Reland "Trigger fewer GCs during startup"" am: 12dd6fc8d1
Original change: https://android-review.googlesource.com/c/platform/art/+/1811718
Change-Id: I0be9418d97b19f3a143964903e5fa28155132340
diff --git a/runtime/gc/heap.cc b/runtime/gc/heap.cc
index 55fdb72..f7eea75 100644
--- a/runtime/gc/heap.cc
+++ b/runtime/gc/heap.cc
@@ -22,6 +22,9 @@
#include <malloc.h> // For mallinfo()
#endif
#include <memory>
+#include <random>
+#include <unistd.h>
+#include <sys/types.h>
#include <vector>
#include "android-base/stringprintf.h"
@@ -326,6 +329,7 @@
next_gc_type_(collector::kGcTypePartial),
capacity_(capacity),
growth_limit_(growth_limit),
+ initial_heap_size_(initial_size),
target_footprint_(initial_size),
// Using kPostMonitorLock as a lock at kDefaultMutexLevel is acquired after
// this one.
@@ -2142,6 +2146,27 @@
return HomogeneousSpaceCompactResult::kSuccess;
}
+void Heap::SetDefaultConcurrentStartBytes() {
+ MutexLock mu(Thread::Current(), *gc_complete_lock_);
+ if (collector_type_running_ != kCollectorTypeNone) {
+ // If a collector is already running, just let it set concurrent_start_bytes_ .
+ return;
+ }
+ SetDefaultConcurrentStartBytesLocked();
+}
+
+void Heap::SetDefaultConcurrentStartBytesLocked() {
+ if (IsGcConcurrent()) {
+ size_t target_footprint = target_footprint_.load(std::memory_order_relaxed);
+ size_t reserve_bytes = target_footprint / 4;
+ reserve_bytes = std::min(reserve_bytes, kMaxConcurrentRemainingBytes);
+ reserve_bytes = std::max(reserve_bytes, kMinConcurrentRemainingBytes);
+ concurrent_start_bytes_ = UnsignedDifference(target_footprint, reserve_bytes);
+ } else {
+ concurrent_start_bytes_ = std::numeric_limits<size_t>::max();
+ }
+}
+
void Heap::ChangeCollector(CollectorType collector_type) {
// TODO: Only do this with all mutators suspended to avoid races.
if (collector_type != collector_type_) {
@@ -2188,13 +2213,7 @@
UNREACHABLE();
}
}
- if (IsGcConcurrent()) {
- concurrent_start_bytes_ =
- UnsignedDifference(target_footprint_.load(std::memory_order_relaxed),
- kMinConcurrentRemainingBytes);
- } else {
- concurrent_start_bytes_ = std::numeric_limits<size_t>::max();
- }
+ SetDefaultConcurrentStartBytesLocked();
}
}
@@ -3568,6 +3587,11 @@
void Heap::GrowForUtilization(collector::GarbageCollector* collector_ran,
size_t bytes_allocated_before_gc) {
+ // We're running in the thread that set collector_type_running_ to something other than none,
+ // thus ensuring that there is only one of us running.
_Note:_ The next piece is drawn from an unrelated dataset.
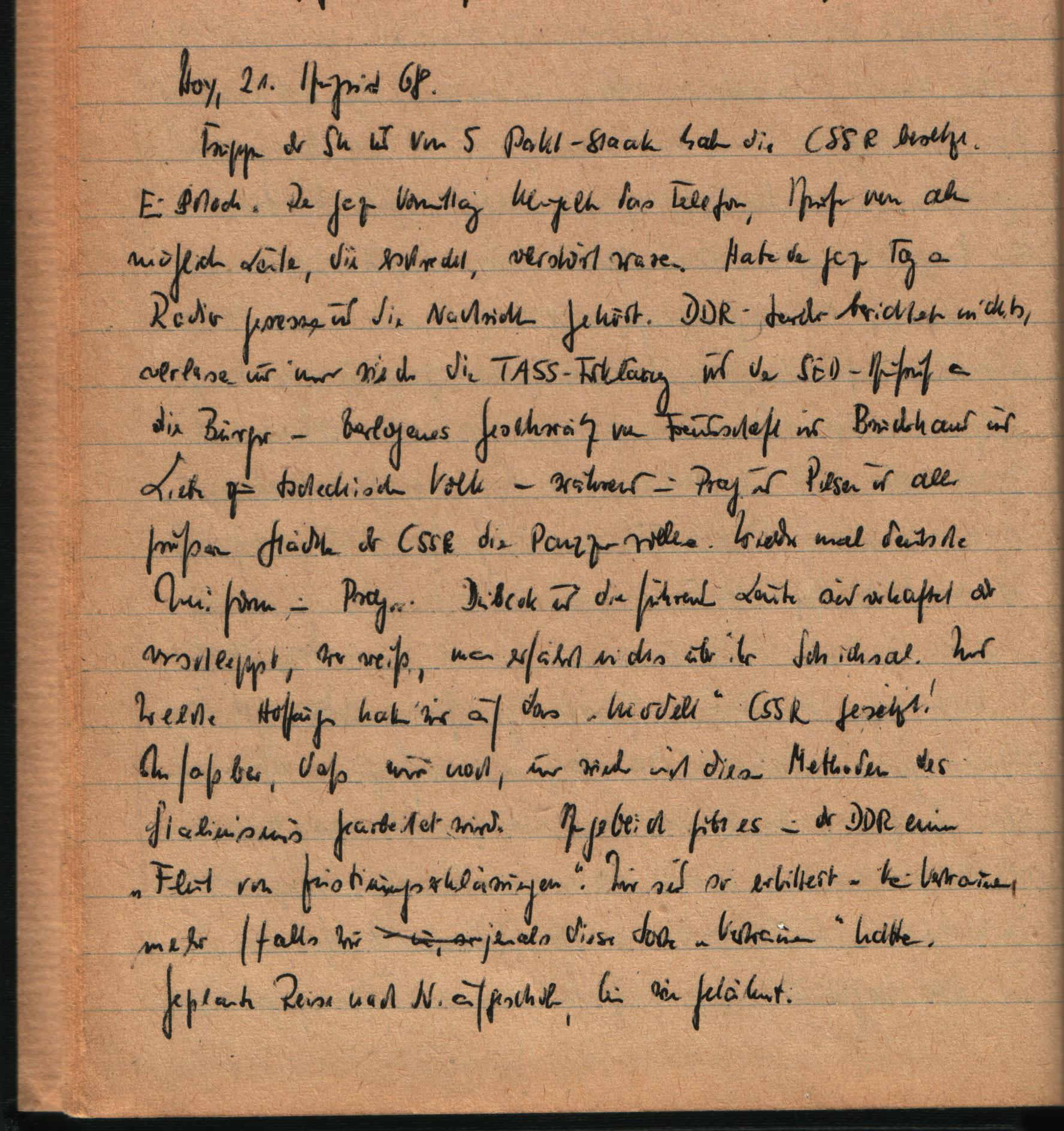 Auszug aus dem Tagebuch Brigitte Reimanns im August 1968

Thus
+ // collector_type_running_ != kCollectorTypeNone, but that's a little tricky to turn into a
+ // DCHECK.
+
// We know what our utilization is at this moment.
// This doesn't actually resize any memory. It just lets the heap grow more when necessary.
const size_t bytes_allocated = GetBytesAllocated();
@@ -3693,8 +3717,7 @@
if (target_footprint_.load(std::memory_order_relaxed) == growth_limit_
&& growth_limit_ < capacity_) {
target_footprint_.store(capacity_, std::memory_order_relaxed);
- concurrent_start_bytes_ =
- UnsignedDifference(capacity_, kMinConcurrentRemainingBytes);
+ SetDefaultConcurrentStartBytes();
}
growth_limit_ = capacity_;
ScopedObjectAccess soa(Thread::Current());
@@ -4471,32 +4494,97 @@
<< PrettySize(new_footprint) << " for a " << PrettySize(alloc_size) << " allocation";
}
+// Run a gc if we haven't run one since initial_gc_num. This forces processes to
+// reclaim memory allocated during startup, even if they don't do much
+// allocation post startup. If the process is actively allocating and triggering
+// GCs, or has moved to the background and hence forced a GC, this does nothing.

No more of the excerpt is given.